Sappiamo che nel 1492 la nave di Cristoforo Colombo si incagliò nel Mar dei Sargassi a causa della mancanza di vento: per tre giorni, mentre la nave e le sue navi gemelle erano alla deriva, incontrarono proprio il sargasso.
L’equipaggio della Santa Maria temette che la nave si sarebbe arenata, oppure che si sarebbe incagliata nelle alghe. Per questo motivo il mare divenne leggendario tra i marinai, oltre ai venti stranamente calmi, prima di essere descritto da Jules Verne nel romanzo Ventimila leghe sotto i mari.
Ma c’è di più.
Esposizioni significative (50-400 ppm) possono produrre difficoltà di respirazione, agitazione, confusione, nausea e vomito, pressione sanguigna elevata e perdita di coscienza – si legge nella review guidata dalla University Hospital of Martinique – A concentrazioni più elevate, [l’acido solfidrico prodotto dalle alghe in decomposizione] provoca rapidamente infarto miocardico, perdita di coscienza, convulsioni, acidosi e morte”.
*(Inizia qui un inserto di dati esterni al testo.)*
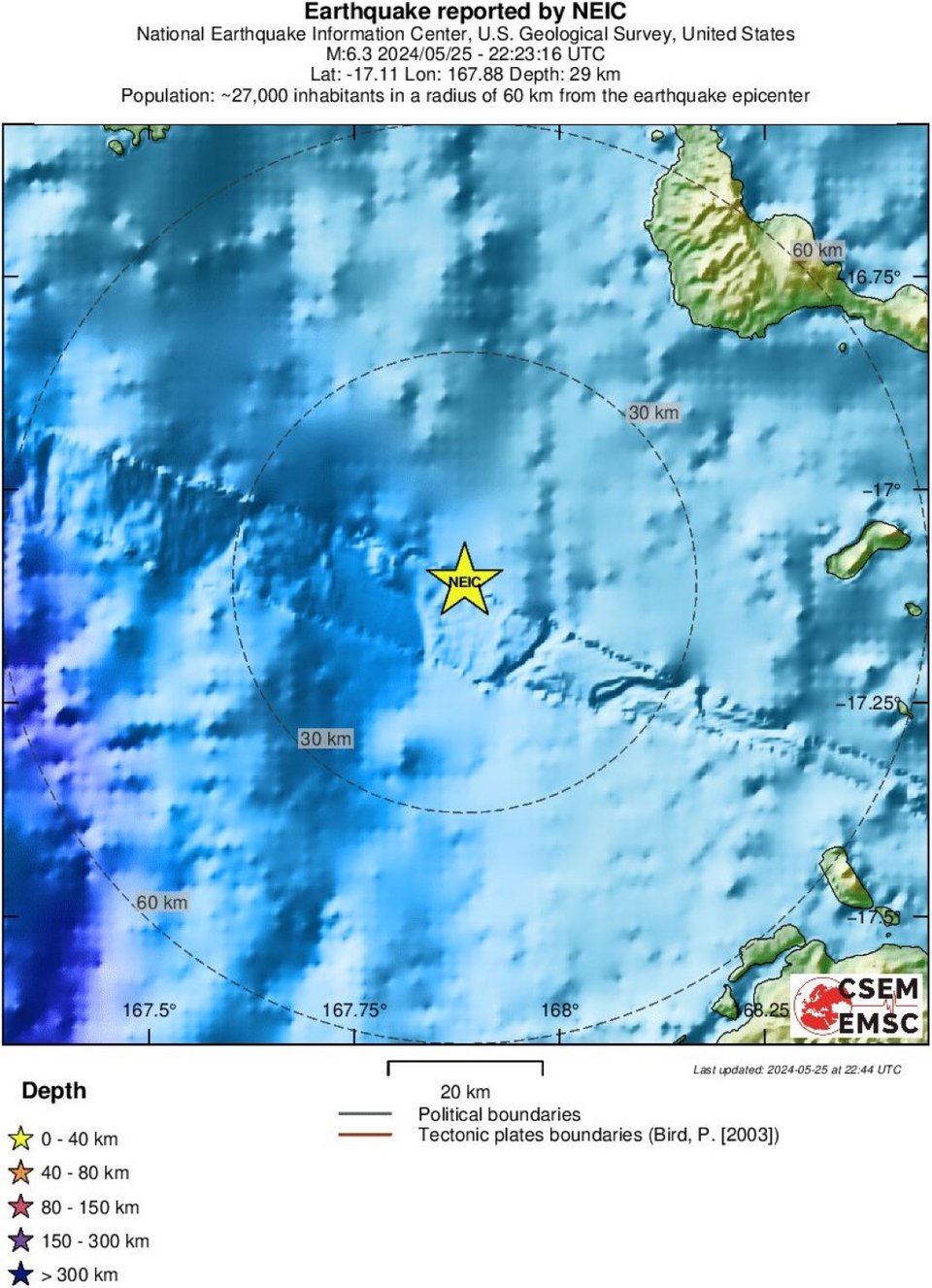 Το επίκεντρο του σεισμού εντοπίζεται περίπου 83 χιλιόμετρα βορειοδυτικά της πρωτεύουσας Πορτ Βίλα και το εστιακό βάθος υπολογίζεται σε 29 χιλιόμετρα.

Pertanto, secondo questa nuova teoria, parte della spiegazione sulla scomparsa delle navi nel Triangolo delle Bermuda potrebbe derivare dalla paura di questi primi marinai per la mancanza di vento e la massa di alghe, ma anche da possibili problemi di salute generati dalle alghe stesse.
Comunque, statisticamente, non si verificano più incidenti nel Triangolo delle Bermuda rispetto ad altre aree degli oceani e dei mari. In effetti, uno studio condotto nel 2013 che esaminava le acque più pericolose per la navigazione documentando incidenti e inconvenienti, non includeva il Triangolo delle Bermuda nella sua top 10.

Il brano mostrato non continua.